In this series, all existing caches are created per-memcg after its first hit. The main reason is, during discussions in the memory summit we came into agreement that the fragmentation problems that could arise from creating all of them are mitigated by the typically small quantity of caches in the system (order of a few megabytes total for sparsely used caches). The lazy creation from Suleiman is kept, although a bit modified. For instance, I now use a locked scheme instead of cmpxcgh to make sure cache creation won't fail due to duplicates, which simplifies things by quite a bit.
The slub is a bit more complex than what I came up with in my slub-only series. The reason is we did not need to use the cache-selection logic in the allocator itself - it was done by the cache users. But since now we are lazy creating all caches, this is simply no longer doable.
I am leaving destruction of caches out of the series, although most of the infrastructure for that is here, since we did it in earlier series. This is basically because right now Kame is reworking it for user memcg, and I like the new proposed behavior a lot more. We all seemed to have agreed that reclaim is an interesting problem by itself, and is not included in this already too complicated series. Please note that this is still marked as experimental, so we have so room. A proper shrinker implementation is a hard requirement to take the kmem controller out of the experimental state.

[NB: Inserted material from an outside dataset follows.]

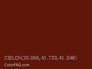 CIELCh 20.066,41.733,41.348 Color is a very dark red color and the nearest color is Redwood #5d1e0f. Hex code #5e1706 and RGB value is rgb(94,23,6). In RGB color space, this color is composed of 37% red, 9% green, 2% blue, In CMYK color space, this color is composed of 0% cyan, 76% magenta, 94% yellow , 63% black , In HSL color space, this color has a hue angle of 12° , 88% saturation and 20% lightness.

I am also not including documentation, but it should only be a matter of merging what we already wrote in earlier series plus some additions.
The patches look great, thanks a lot for your work!
I finally tried them, and after a few fixes the kmem accounting seems to work fine with slab. The fixes will follow this email, and if they're fine, feel free to fold them into your patches.
However, with slub I'm getting kernel hangs and various traces[1]. It seems that kernel memcg recurses when trying to call memcg_create_cache_enqueue() -- it calls kmalloc_no_account() which was introduced to not recurse into memcg, but looking into 'slub: provide kmalloc_no_account' patch, I don't see any difference between _no_account and ordinary kmalloc. Hm.
OK, slub apart... the accounting works with slab, which is great.
There's another, more generic question: is there any particular reason why you don't want to account slab memory for root cgroup?
Personally I'm interested in kmem accounting because I use memcg for lowmemory notifications. I'm installing events on the root's memory.usage_in_bytes, and the thresholds values are calculated like this:
total_ram - wanted_threshold
So, if we want to get a notification when there's 64 MB memory left on a 256 MB machine, we'd install an event on the 194 MB mark (the good thing about usage_in_bytes, is that it does account file caches, so the formula is simple).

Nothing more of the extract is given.